What the Wolves would want in return for their more productive veterans is tough to tell. Their cupboard is already stocked with youngsters and could be even more crammed come June if Minny's 2016 first-round pick lands in the top 12 of the lottery.
Los Angeles Lakers
The Los Angeles Lakers have spent the 2015-16 season stuck between a rock (Kobe Bryant's retirement tour) and a hard place (developing their young players). Pretty much everyone who doesn't fall into one of those frameworks may well wind up on the trading block.
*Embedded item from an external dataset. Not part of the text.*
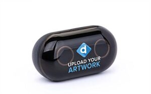 Put your personalized graphic directly on our promo branded wireless earbud case to create a memorable wedding favor, company branded corporate gift, or trade show giveaway. The unique earphones with logo printed charging case feature call function, voice control, stereo sound, and explosive bass sound. These promo branded wireless earbuds with Bluetooth technology include a magnetic-close 300 mAh charging case with battery indicating lights. The earphones are capable of up to 3 hours of continuous music and talk time for convenience and ease of use. Complete with a Bluetooth working range of up to 23 feet, the earphones with custom case offer real innovation. Included with every purchase is a non-branded white gift box, a USB charging cable, and a user manual with easy-to-follow set-up instructions. Our custom logo printed promo branded wireless earbuds are a perfect way to say thank you to your customers and unlike a pen or a key chain, this custom tech product will not be thrown away after one use.

There's no rush to move Lou Williams given the reasonable remainder of his contract (two years, $14 million) and his ability to score. But Roy Hibbert, Nick Young and Brandon Bass are ripe for the picking should anyone reach out to Mitch Kupchak.
According to Basketball Insiders' Steve Kyler, the Lakers' lines are open for callers interested in Hibbert and Young, but they may have an easier time moving Bass:
The Lakers tried Bass on at a low dollar amount hoping he could contribute and be something of a tutor for forward Julius Randle. With the Lakers going nowhere fast, Bass is one of the guys the front office is expected to move by the deadline.
Bass has been nursing a problematic foot, so that is a concern, but the sense is the Lakers will be players at the deadline and Bass could be on his way out.
Either way, L.A.'s young core of D'Angelo Russell, Julius Randle, Jordan Clarkson and Larry Nance Jr. figures to remain untouched. Then again, if the Lakers can package a prospect or two along with Hibbert's salary in exchange for a long-term difference-maker, don't be surprised if Kupchak and Jim Buss seriously consider pulling the trigger.